- Born: July 21, 1923 Indianola, Mississippi, United States
- Died: June 27, 2010 (aged 86) Birmingham, Alabama, United States
- Occupations: Founder, Chairman and Chief Executive Officer
- Known for: B.L. Harbert International Harbert Corporation
- Spouse: Joy Harbert
- Children: 3

= Bill L. Harbert =

American businessman (1923–2010)

Bill Lebold Harbert (July 21, 1923 – June 27, 2010) was an American businessman and founder of the international construction firm B.L. Harbert International. He was the brother of businessman John M. Harbert.

==Life==
Harbert was born in Indianola, Mississippi on July 21, 1923. Soon after his family moved to Birmingham, Alabama, Harbert enrolled at Auburn University, where he graduated in 1948 after serving in World War II.

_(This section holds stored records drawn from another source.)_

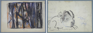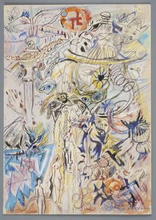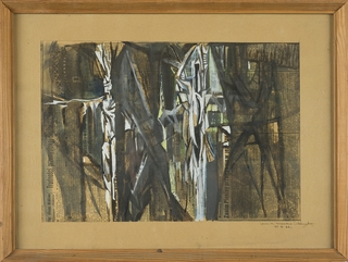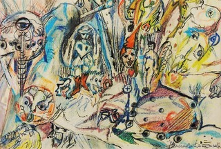czarny tusz, kredki na podrysowaniu ołówkiem, biała farba olejna na krawędziach arkusza; karton; 23 x 32,5 cm;
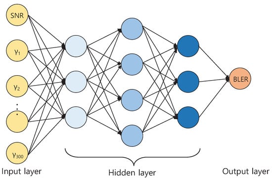 The number of simulations was 10,000 for each input SNR and each CQI and 1000 TBs were generated for each simulation. BLER was determined for transmitted 1000 TBs. Thus, the size of raw data of (, , ) to collect from LLS, i.e., the total number of simulation results per CQI was the product of the number of SNR values and the the number of simulations. In general, since the size of raw data from the LLS is large, obtaining the optimal parameters of and through heuristic search with Equation (10) is burdensome. Thus, it was necessary to reduce the computation complexity as well as to improve the accuracy. As shown in this section, we used Python Tensorflow framework and applied the DNN regression method to make an AWGN fitting curve of module in Section 3.3. The algorithm of DNN regression is described in Algorithm 2 and Figure 3.
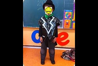 Se lo ponemos con una camiseta de manga larga negra. A la chistera se le pone una tira de la bolsa de basura verde, y también se le hace un pañuelo para el cuello con la bolsa verde, para que quede todo elegante. Con el pantalón gris del uniforme del cole y los zapatos, todo hecho.
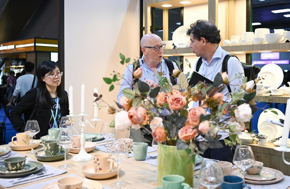 Purchasers talk at a booth of tableware at the second phase of the 135th Canton Fair in Guangzhou, South China's Guangdong province, April 23, 2024. (Photo/Xinhua)
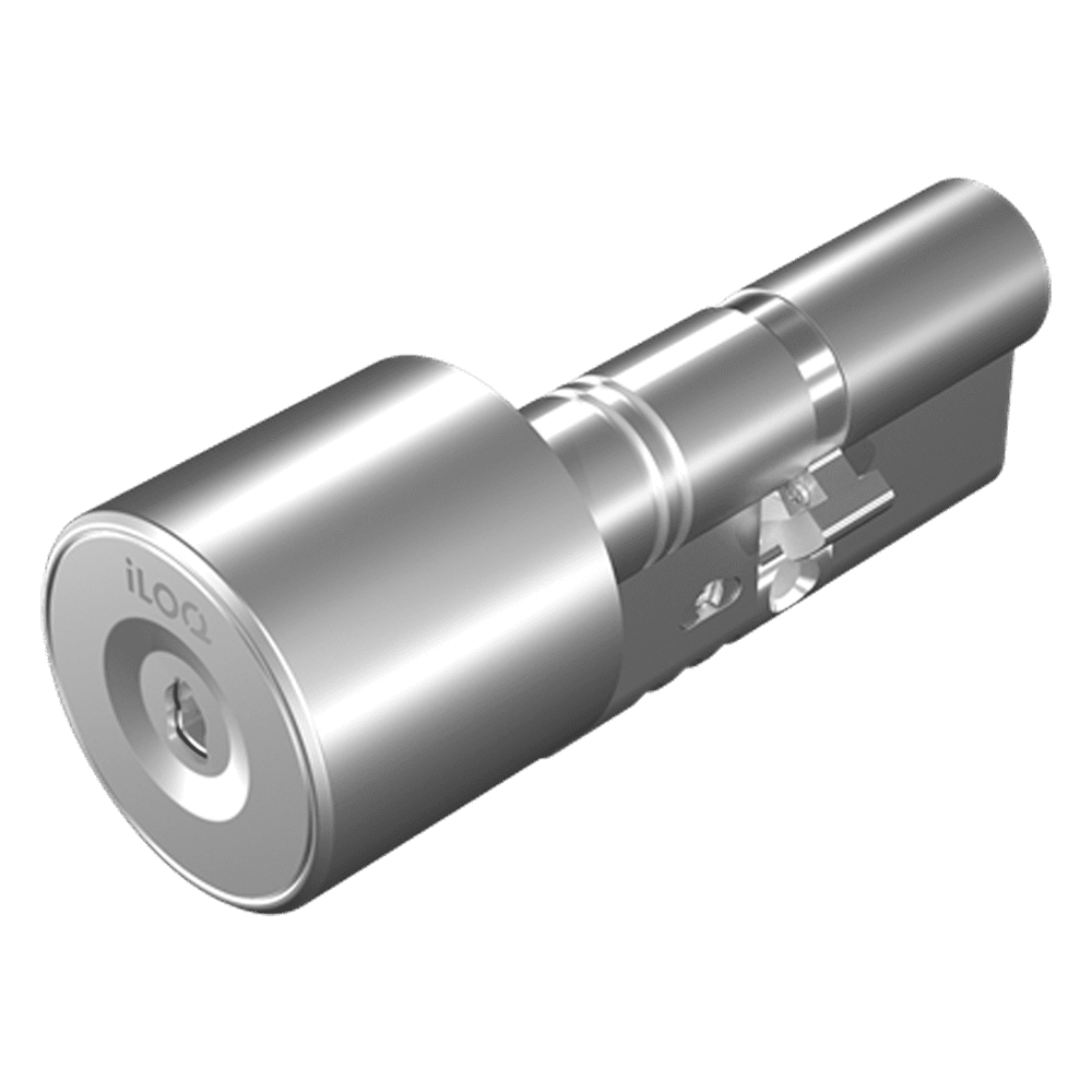Cilindro inteligente S5 – Abertura com chave física – Não necessita de bateria (alimentado com chave) – Dimensões 30 (interior) x 30 (exterior) mm – Comprimento ajustável com ILOQ-S5-EXTENSION-x – Exterior IP55 | Parte interna inerte
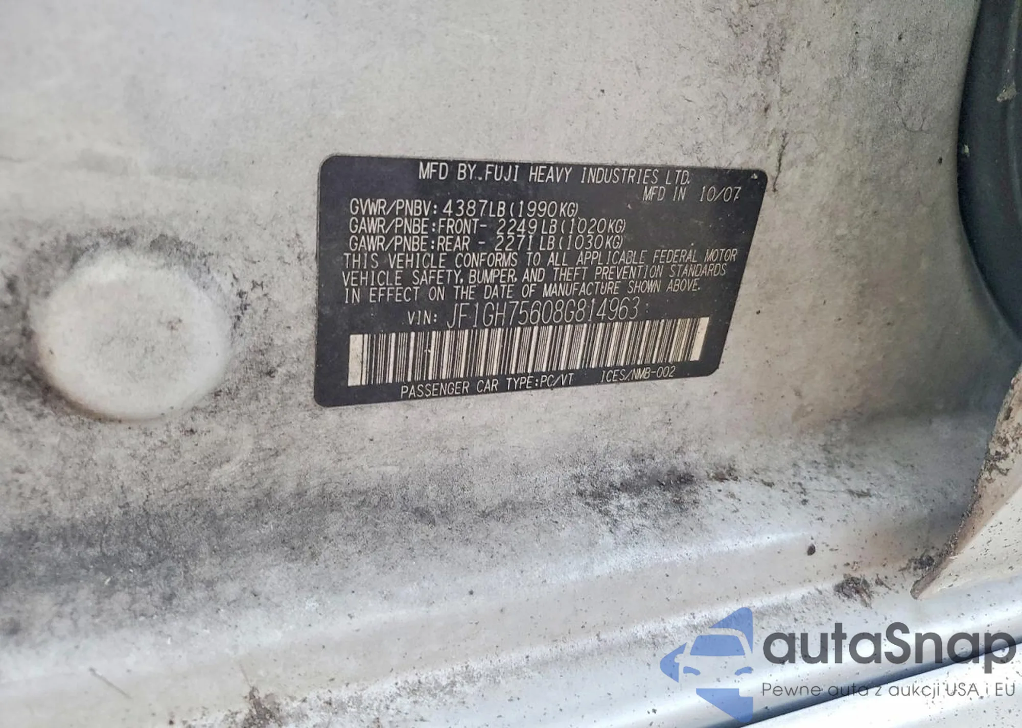 The car Subaru Impreza 2008 (VIN JF1GH75608G814963) is sold by an unverified seller. We recommend checking the Carfax report and confirming registration possibilities before purchase.

Following his graduation from Auburn, he and his older brother, John M. Harbert, founded Harbert Construction Company. The company, which later changed its name to Harbert Corporation, became one of the world's largest construction and engineering companies. In the early 1990s Harbert Corporation sold its domestic construction division to Raytheon in an effort to focus more on investment management. Soon after, the international division was sold to Bill Harbert. The international division became part of Bill Harbert International Construction (BHIC) in 1991. In 2000, Bill Harbert retired and assets of BHIC were sold. The company changed its name to B.L. Harbert International and is headed by Bill's son Billy Harbert.

On June 27, 2010, Harbert died at the age of 86 in Birmingham, Alabama. He was survived by his son Bill L. Harbert Jr. and his daughters Anne Harbert Moulton, and Elizabeth Harbert Cornay.